13, June, 2026
Peter Malinauskas, South Australian Premier.
Photo: news.com.au

South Australia’s government wants to tell two stories at once, and they cannot both be true.

In one version, South Australia is one of the safest places in the country, even the world. Crime is down. Property offences are down. Retail theft is down. Recidivism is the lowest in the nation. The government claims it is on track to reduce it even further. This is the story told with confidence, backed by rolling statistics and triumphalist press conferences.

In the other version, South Australia is under threat. Dangerous “offenders” supposedly stalk the streets. Young people must be cracked down on. Police need tougher powers. Knives demand exceptional laws. Public space must be controlled. Prison capacity must expand, urgently and significantly.

These stories cannot coexist. A government cannot credibly claim success while governing as though it is losing control.
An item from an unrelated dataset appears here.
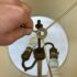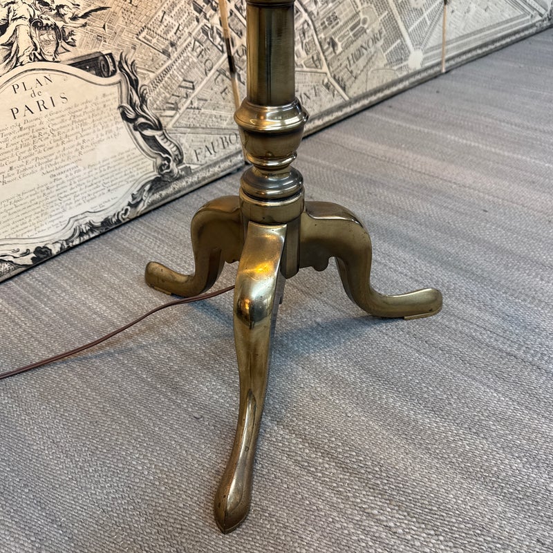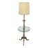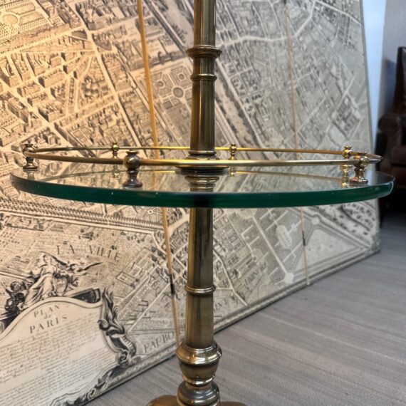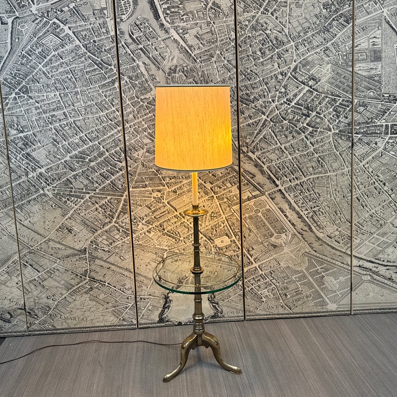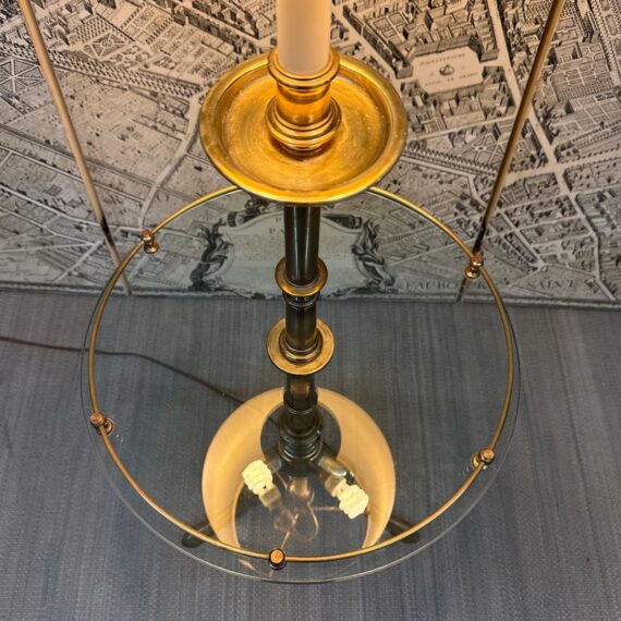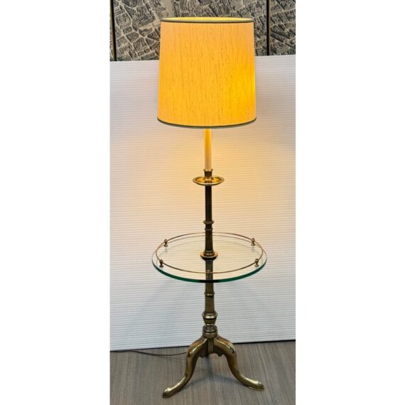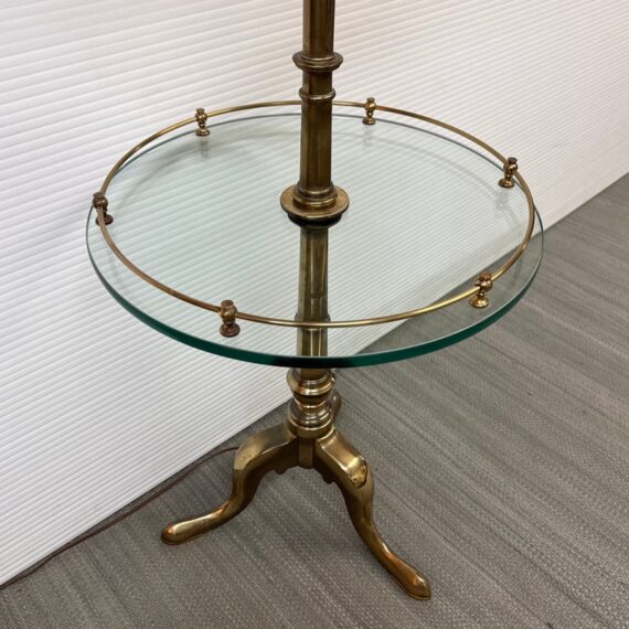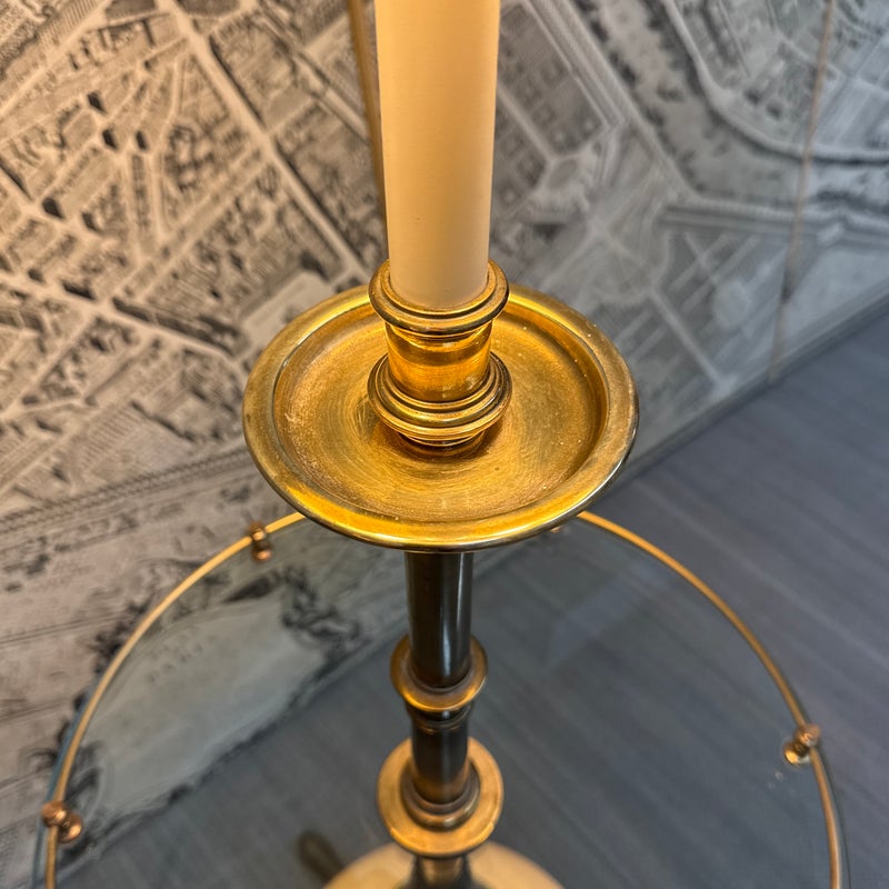 Design Plus Gallery presents a Vintage Stiffel Brass Floor Lamp with integrated glass table. Beautiful turned brass column, rising from a tripod base, is accented with an ivory “candle” that holds a double socket with pull chains. The convenient glass round table sports a brass rail to keep your items on the table. Light wear; condition is good for age and use.

If South Australia is genuinely becoming safer, then the expansion of policing and prisons is not a response to danger. It is a deliberate political choice, and a revealing one.

Governments expand police powers and prison infrastructure in moments of crisis. That is the justification always offered: an emergency that requires extraordinary measures. But South Australia is not in a crime emergency. By the government’s own account, crime is falling. So, what exactly is the emergency being responded to?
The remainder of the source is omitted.